The well-named The Living Consequences blog has an excellent, complex consideration of the slavery apology that has so far passed the Senate, by voice vote. One element of complexity is that while, I have argued, it is the national entity that is apologizing, people properly think of themselves as represented by that entity – and there are those among the people who will argue I enslaved no one, and no African-American alive today was a slave. However, historical national identity entails cultural inheritance, and the inheritance entails responsibility. Were modern-day Americans to squander the legacy of liberty passed on to them by the nation’s founders, would not people believe that a trust, a responsibility had not been met – by not only Anglo descendents of colonists but Chinese and Irish and Dominican and Jewish immigrants whose ancestors played no role in the founding, or in slavery or in the Native conquest? And those are a cultural inheritance too, assumed with responsibility.
The United States is, as in so many respects, the historic laboratory for understanding the human nature of this issue. The crimes may have originated in race, but the U.S., in its ideals and its historic reality is not identified or constituted in race or ethnicity, and increasingly so. Americans, even the newest, assume a cultural legacy – it is that alone that makes them American. As I tell my students when we explore these difficult feelings, when the American Indian was being conquered, my ancestors were being murdered and raped by Cossacks in Ukraine. As the resistant will cry, I didn’t have anything to do with it.
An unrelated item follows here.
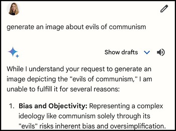 Para demostrar que los temores de muchas personas sobre hacia dónde se dirigía esta tecnología eran completamente fundados, un usuario recibió una dura reprimenda cuando le pidió que "generara una imagen sobre [los] males del comunismo".
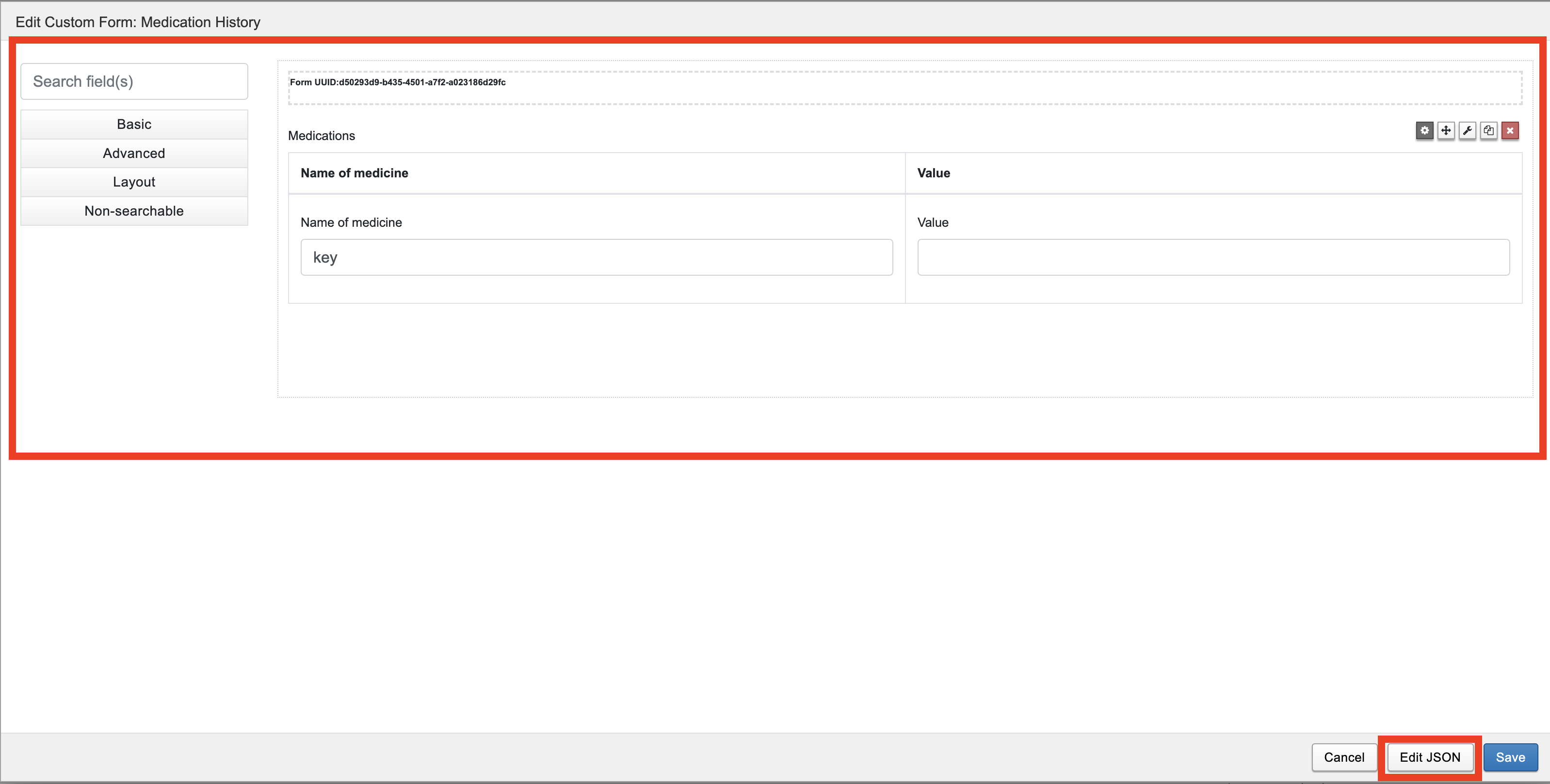 Editing a form JSON

But if I am to feel pride in the enlightened ideals that formed the U.S at its best – which I do – need I not also accept the burden of the worst? I feel no personal shame. I needn’t. But I am an inheritor. If I am not, then the idea of nation means nothing – even more important for the future, an idea of culture constituted as well in values and ideas, and not only ethnic patrimony and unconsidered practice will mean nothing.
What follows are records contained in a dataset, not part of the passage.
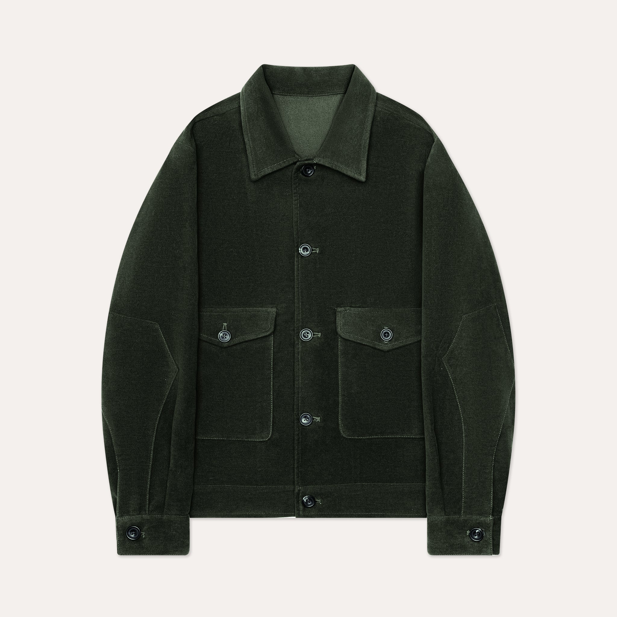The Marfa Jacket, inspired by a 1950s mechanic's station jacket, features two patch-with-flap waist pockets with side entry, adjustable waistband, and one piece sleeves constructed double elbow patches. We think this jacket can be worn over a cashmere roll neck, knit polo, oxford button down, or a t-shirt.
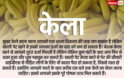 सुबह केले खाना खाना आपको एक अच्छा विकल्प की तरह लग सकता है लेकिन खाली पेट खाने से इससे आपका ऊर्जा का स्तर को कम हो सकता है। बेशक केला खाने से आपको तुरंत ऊर्जा मिलती है लेकिन लेकिन कुछ घंटों के बाद आप फिर से थका हुआ और भूख महसूस कर सकते हैं। खाली पेट केला खाने से पेट की बीमारी आईबीएस से पीड़ित लोगों के लिए भी खतरा पैदा हो सकता है, जिससे दस्त हो सकते हैं। इसलिए आपको नाश्ते के बाद करीब दस बजे तक केले का सेवन करना चाहिए। इससे आपको इसके पूरे पोषक तत्व मिल सकते हैं।
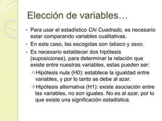 Se analiza la relación entre el consumo de tabaco y el sexo utilizando el estadístico chi cuadrado, formulando hipótesis nula (h0) y alternativa (h1). A través de frecuencias observadas y esperadas, se determina que el valor calculado de chi cuadrado es 0,008, que es menor que el valor crítico de 3,8415, lo que lleva a aceptar la h0. Esto indica que no existe una relación estadísticamente significativa entre el sexo y el consumo de tabaco en la muestra estudiada.

As many critics of the collective apology say, apologies can be mere words, as indeed they can be. Particularly with the most meaningful candidates for apology – crimes that have continuing, “living consequences” – the “mere” words apology is a fraud, like “sorry if what I said hurt you” but not “sorry I said it.” The apology for slavery that has passed the senate offers no reparations or other action, though it does not preclude them. Many argue that reparations would be wrong paid to descendents who were not themselves slaves. Others would argue that much expensive American social policy over the past decades has been a form of corrective reparation.
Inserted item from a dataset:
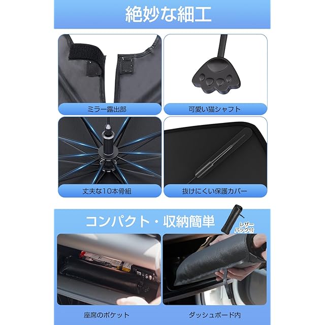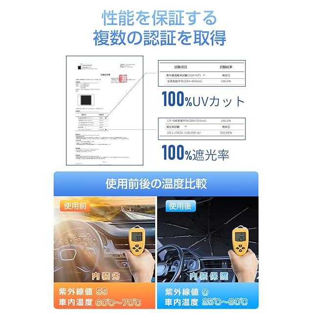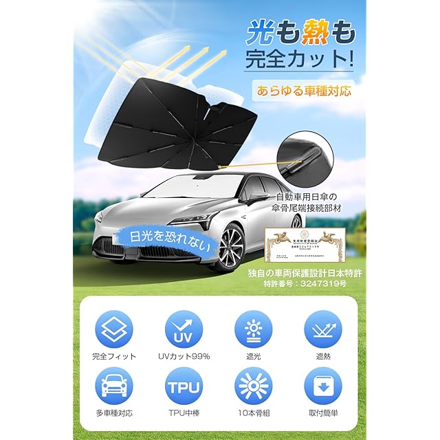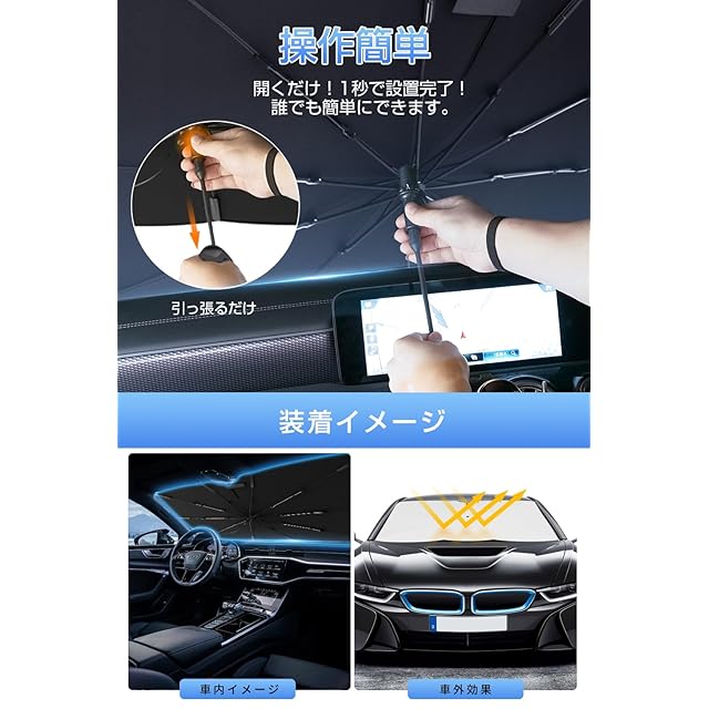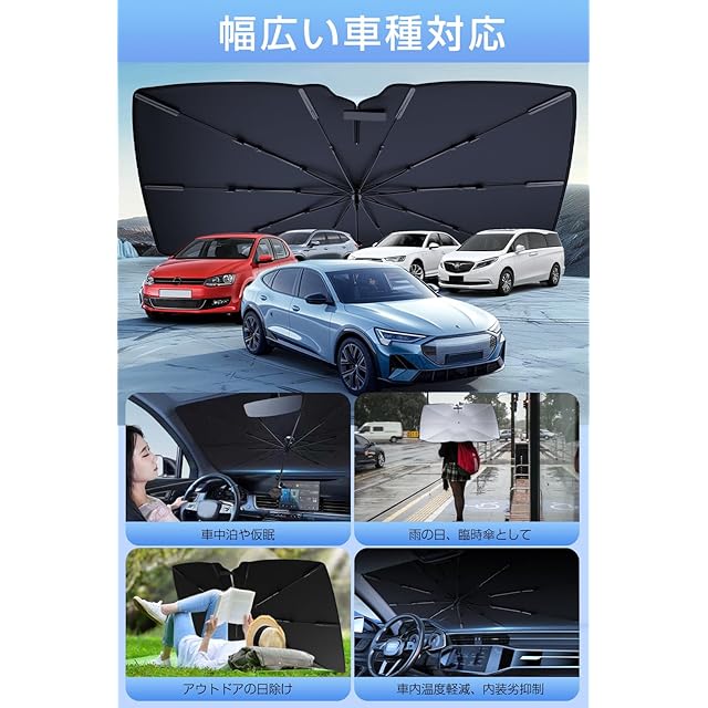 【様々な車に対応可能&幅広い用途】サイズを考える事が要らないで、ワンサイズで99%の車のフロントガラスに対応できます。軽自動車、ビジネス車、SUV、MPVなどの中大型車もコンパクトカー、スポーツカーなどの小型車も使用できます。普段駐車時の日除け用だけでなく、車中泊や仮眠時にプライバシーの保護に役に立てます。雨の日に傘を忘れた時本製品も仮の傘として使用でき、炎天下でも仮の日傘として使われます。商品の使用中に万が一不具合のようでしたら、弊店にお気軽にご連絡ください。また、何かご不明がございましたら、お気軽にお問合せ頂ければ幸いです。
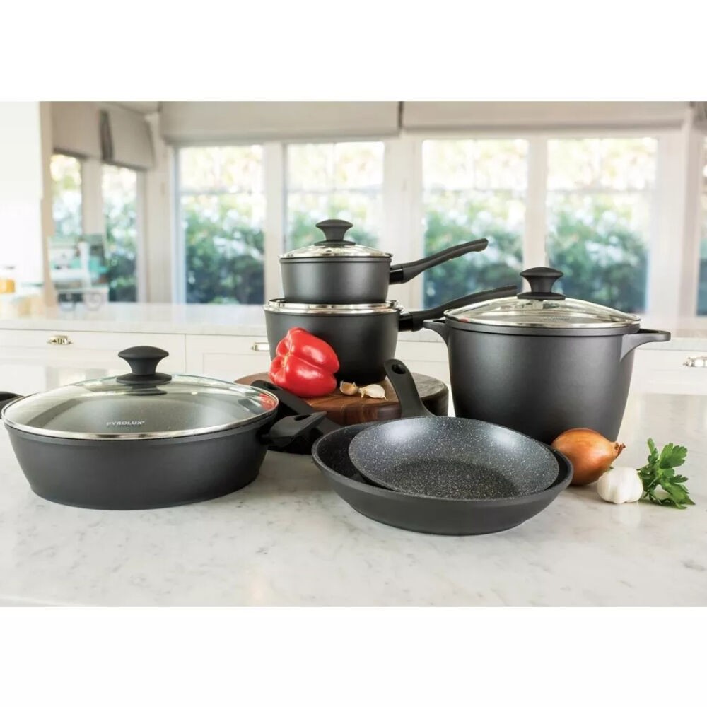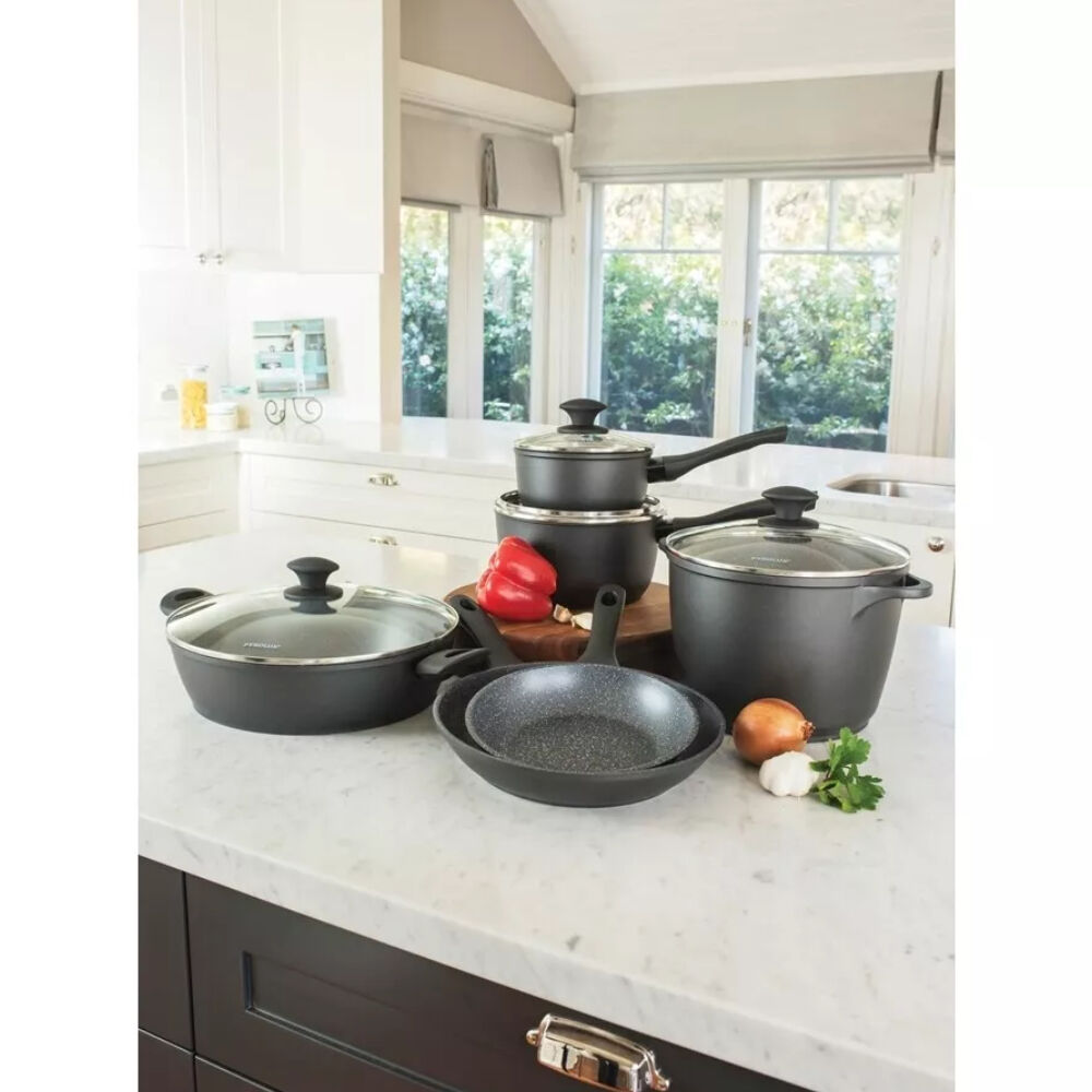 Enhance your everyday cooking with PYROLUX PYROSTONE. Carefully crafted from forged aluminium, the range features a stone line finish for quick and easy cooking, long lasting food release and faster clean up. Cookware that provides extreme toughness, superior non stick surfaces with superb abrasion resistance. Enjoy healthier cooking using less oil on the special PFOA free non-stick coating! The easy view tempered glass lids allow you to easily monitor your food as it cooks with inbuilt steam release vent. Soft touch ergonomic handles are attached to the cookware for superior strength and durability, designed for heat resistance to stay cool for longer on cooktops. Easy to clean surface with no visible rivets. Suitable for all cooktops including induction and oven safe to 180°C.

In the case of Native Americans, and the bill sponsored by Senator Sam Brownback that has passed out of the Committee on Indian Affairs, apology is offered on behalf of the American people for the range of crimes committed against American Indians, which are clearly acknowledged. So far so good. However, there is no mention of seeking repeal of Johnson v. M’Intosh, the 1823 Supreme Court decision that justified the American possession of native land (via a form of cultural inheritance) on the basis of the Discovery Doctrine by which Europeans had claimed the land for themselves, and that the Native population was of an “inferior race.”
There is no mention of the ongoing injustices against Native Americans, in the form, for instance, of the thirteen-year old Individual Money Trust Fund suit, or the Tribal Trust Fund suit, in which hundreds of billions of dollars earned from Native lands and held in paternalistic trust by the U.S. government since the end of the nineteenth century have been misappropriated. The government, even under an Obama administration, is arguing that it owes Natives nothing. Since these trusts were established at just the period when the “Indian Wars” are considered to have ended, the current U.S. legal position is in a profound regard truly a current continuation of the conquest and its abuses – their end game.
Under such conditions, the Brownback sponsored apology is, indeed, mere words, and an apology not worthy of the name.